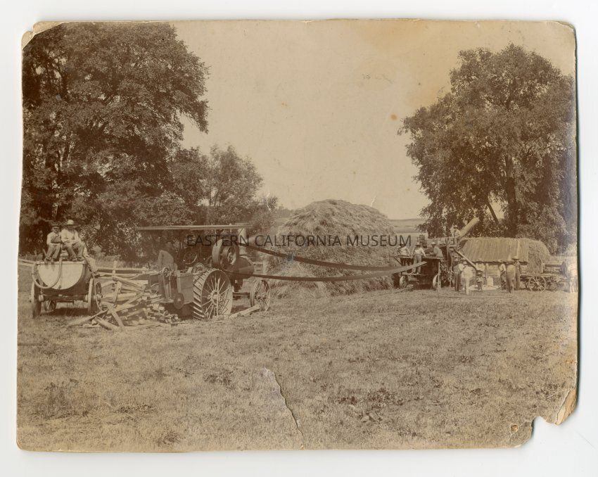 Mounted photo of a group of people using a steam tractor to harvest hay. There is a large haystack in the center of the photo. There may also be a water wagon as well. No date or location information.Collection
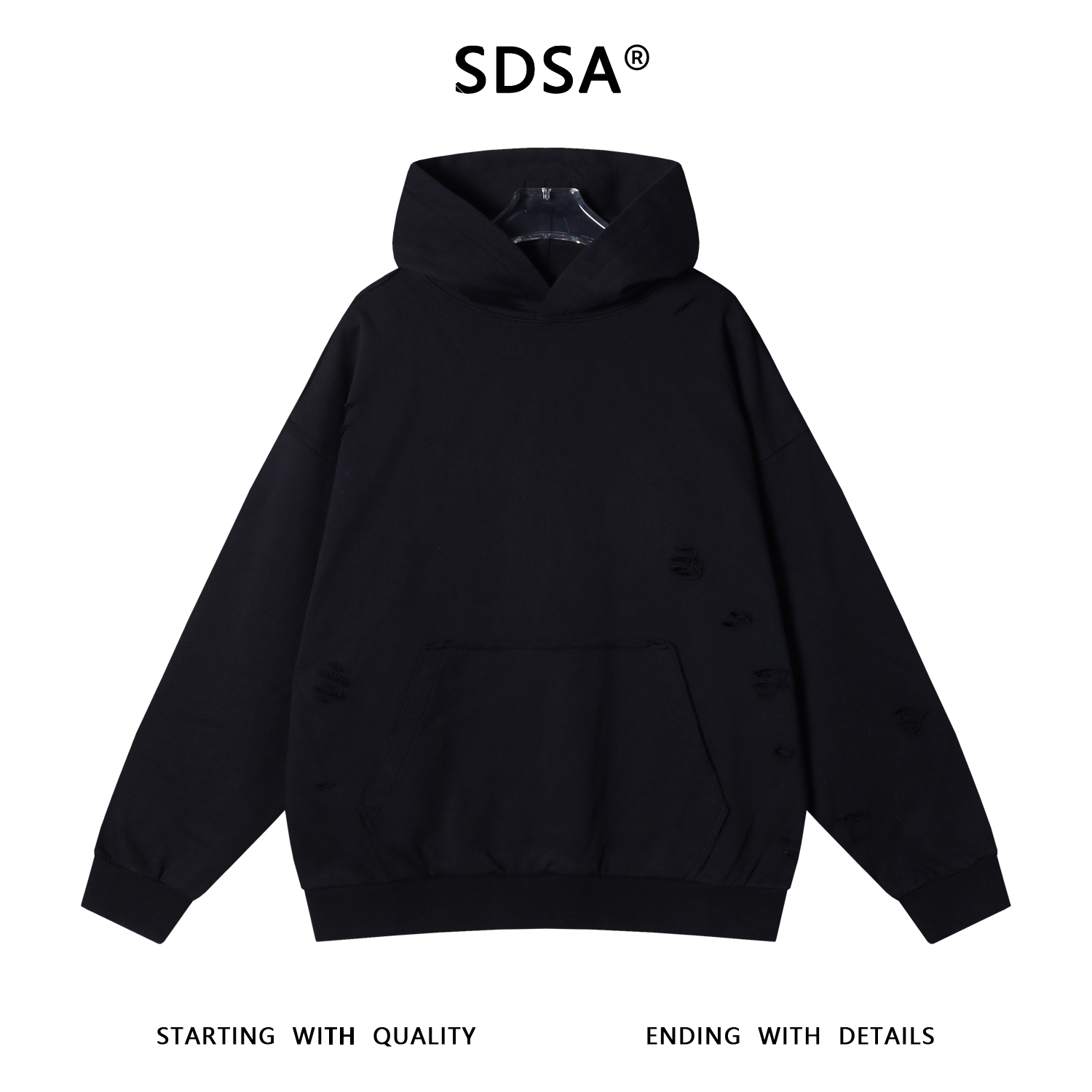 H135秋冬新款破洞拉链拼接卫衣男女秋季休闲宽松时尚长袖百搭上衣
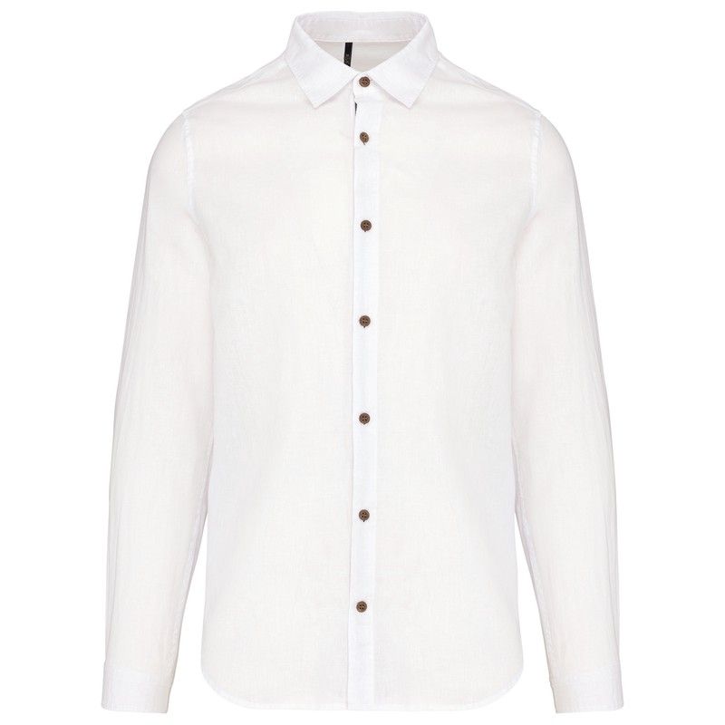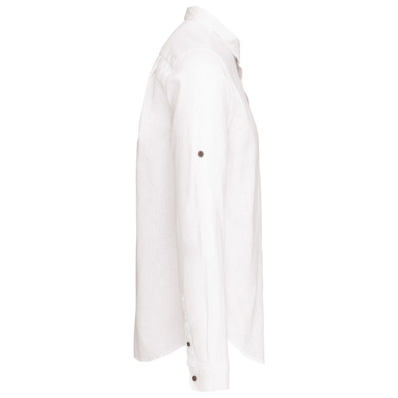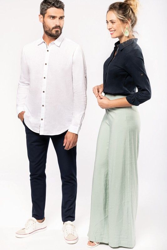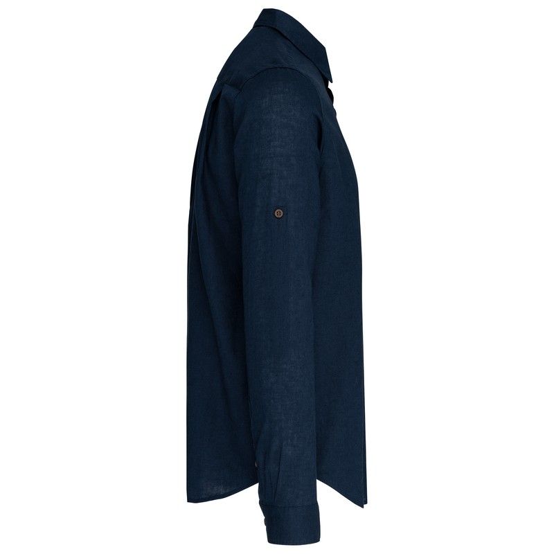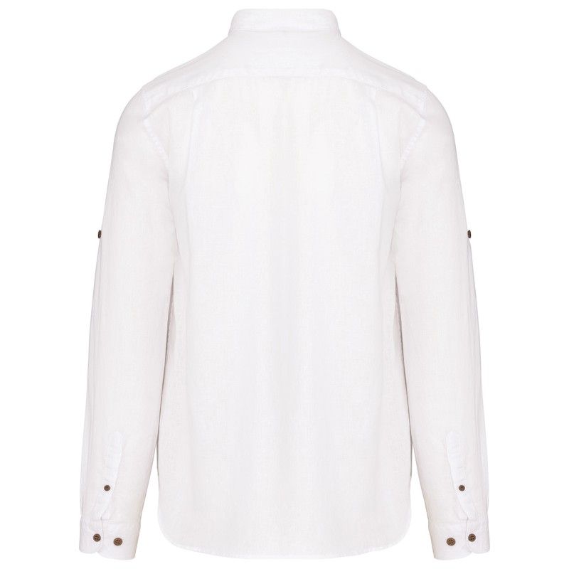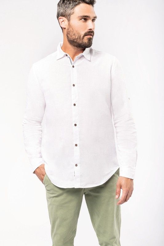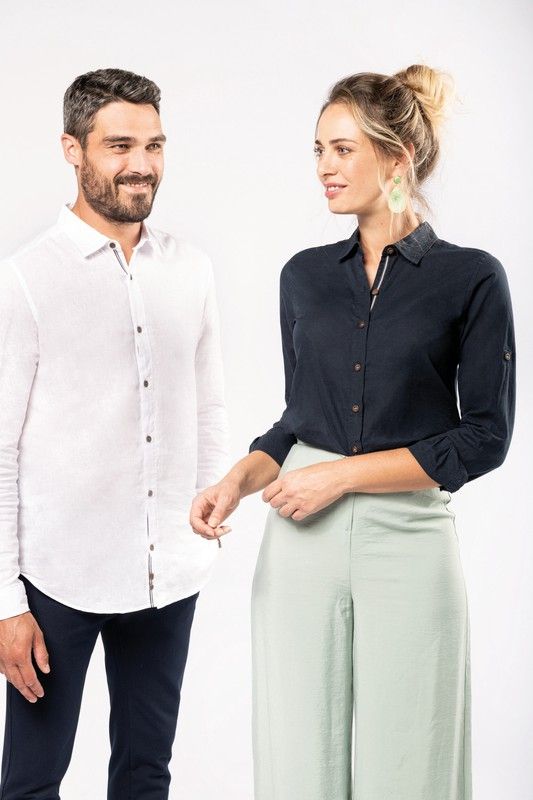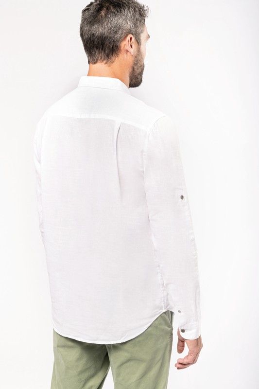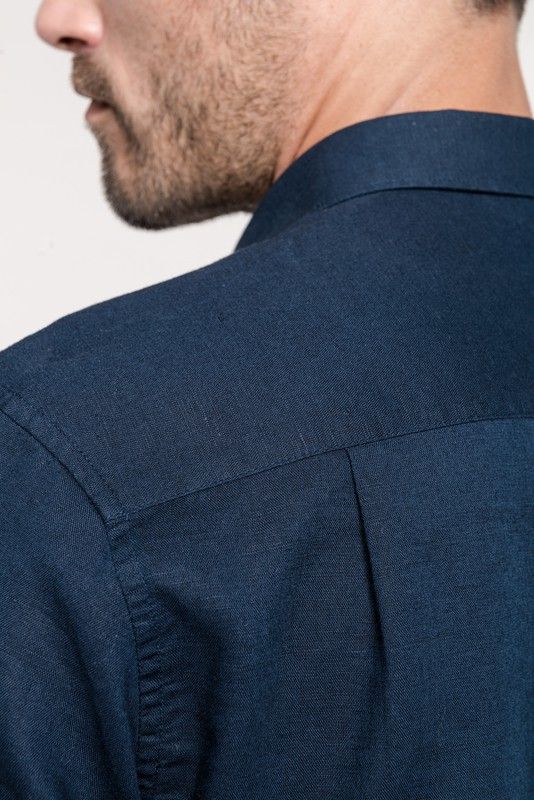 55% Leinen / 45% Baumwolle. Kontrasttasten. Verzierte Innenleiste. Knopfloser Kragen. Verstellbare Manschetten mit gepolstertem Kapuzinerkresse-Ärmel mit Knöpfen. Aufrollbare Ärmel mit Knopfleistenverstellung. Zusätzliche Schaltfläche.

++++++++++++++++++++

* [TASK STATEMENT]: With the pictures removed, set down the entire listing exactly.

* [ANSWER AREA]:
 Mounted photo of a group of people using a steam tractor to harvest hay. There is a large haystack in the center of the photo. There may also be a water wagon as well. No date or location information.Collection
 H135秋冬新款破洞拉链拼接卫衣男女秋季休闲宽松时尚长袖百搭上衣
 55% Leinen / 45% Baumwolle. Kontrasttasten. Verzierte Innenleiste. Knopfloser Kragen. Verstellbare Manschetten mit gepolstertem Kapuzinerkresse-Ärmel mit Knöpfen. Aufrollbare Ärmel mit Knopfleistenverstellung. Zusätzliche Schaltfläche.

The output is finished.